Amid the outcry over corporate tax avoidance internationally, social media giant Facebook recently announced it would no longer book global revenues generated in other countries through Ireland, a practice that saves it hundreds of millions of euro in tax annually.
A similar move by other digital giants, which use Ireland as an international tax base, could have big implications for the exchequer.
However, Minister for Finance Paschal Donohoe downplayed the likely impact of US tax reform on Ireland, noting the State’s corporate tax offering would remain competitive despite moves to cut the headline US rate to 21 per cent. “The proposition that we offer . . . will continue to be competitive, even against the context of changes being made in the US ,” he said.

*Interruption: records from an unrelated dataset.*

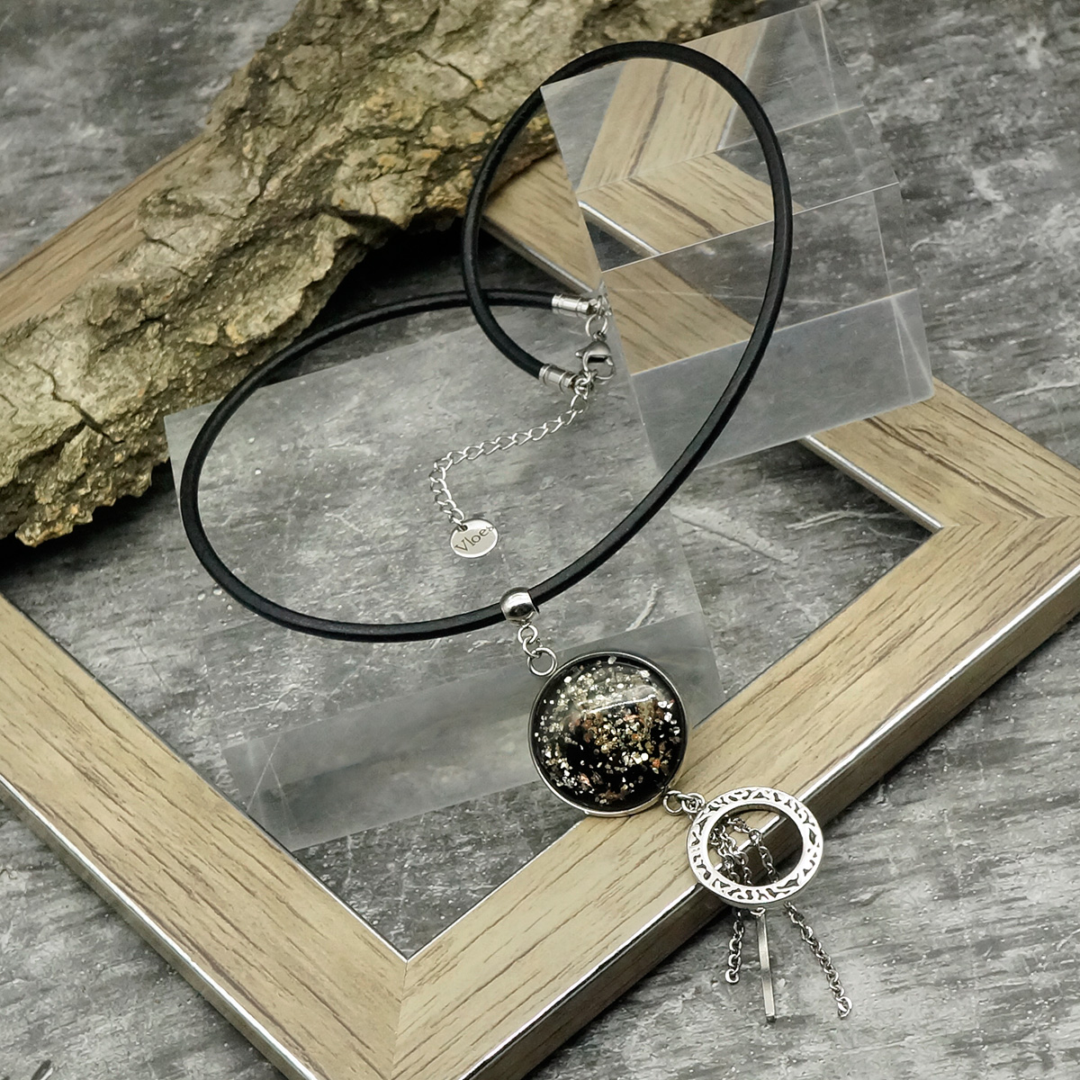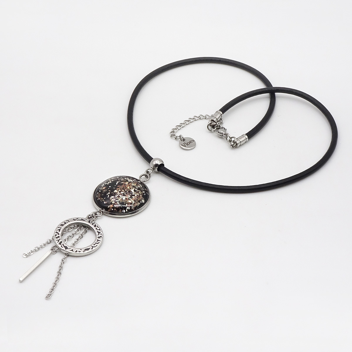 Колье изготовлено из натуральной кожи, муранского стекла и гипоаллергенной ювелирной стали, что очень важно для людей с чувствительной кожей. Металл не темнеет и не подвергается воздействиям окружающей среды, надолго обеспечивая красивый внешний вид изделия. Длина колье - 46 см + 5 см. удлиняющая цепочка. Диаметр стеклянного элемента - 2,5 см. Вес - 16 гр.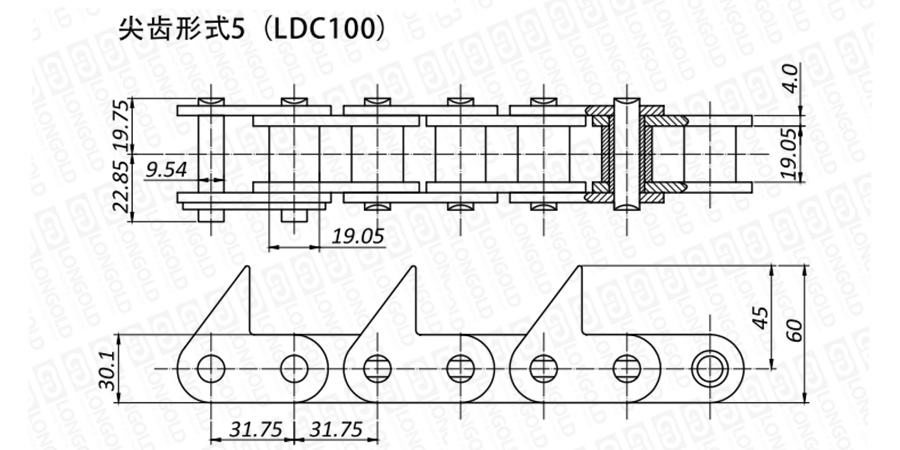 上圖為不銹鋼尖齒鏈V的結構圖。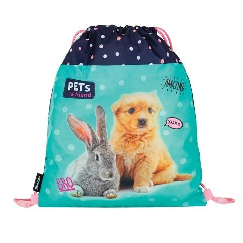 Sáček na přezůvky. Uzavírání stažením šňůrek, možnost nosit i na zádech nebo připevnit ke školnímu batohu. Materiál 100% polyester.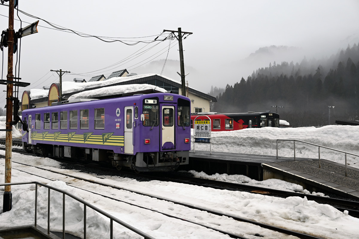 翌朝、始発の内陸線に乗車。前回は列車転覆事故、その後も内陸線は災害級の大雪、おまけに除雪車の故障という苦難に見舞われており、しばらく運休が続いていた。余程乗ってくれるなという、ご加護を払い除けての高架橋や、見るからに雪崩の巣窟には手に汗を握ったが、なんとか終点の角館に到着。

The department’s report indicated that recovery in the labour market had the biggest impact on tax revenue here, lifting income tax receipts by 77 per cent to €20 billion in the past five years and that seven out of every 10 jobs lost during the crash had now been recovered.
Mr Donohoe said the Government may not spend all the money that will be available to it in the last budget of the confidence and supply deal with Fianna Fáil, which is due to expire after the next budget.
Under the confidence-and-supply arrangement Fianna Fáil supports the minority Fine Gael-led government, by abstaining on certain votes in the Dáil
It is expected that, under EU rules, Mr Donohoe will have €3 billion for tax rises and spending cuts in the October budget, but he said he may hold funds in reserve. He claimed the final budgets of Fianna Fáil governments before the economic crisis complied with EU rules at the time but still caused “huge” difficulties.
Fianna Fáil finance spokesman Michael McGrath said that while it was too early to make calls on the shape of budget 2019, more could be allocated to the so-called “rainy day fund”. Mr McGrath noted that former minister Michael Noonan had intended commit €1 billion to the fund in 2019, but Mr Donohoe had halved this to €500 million.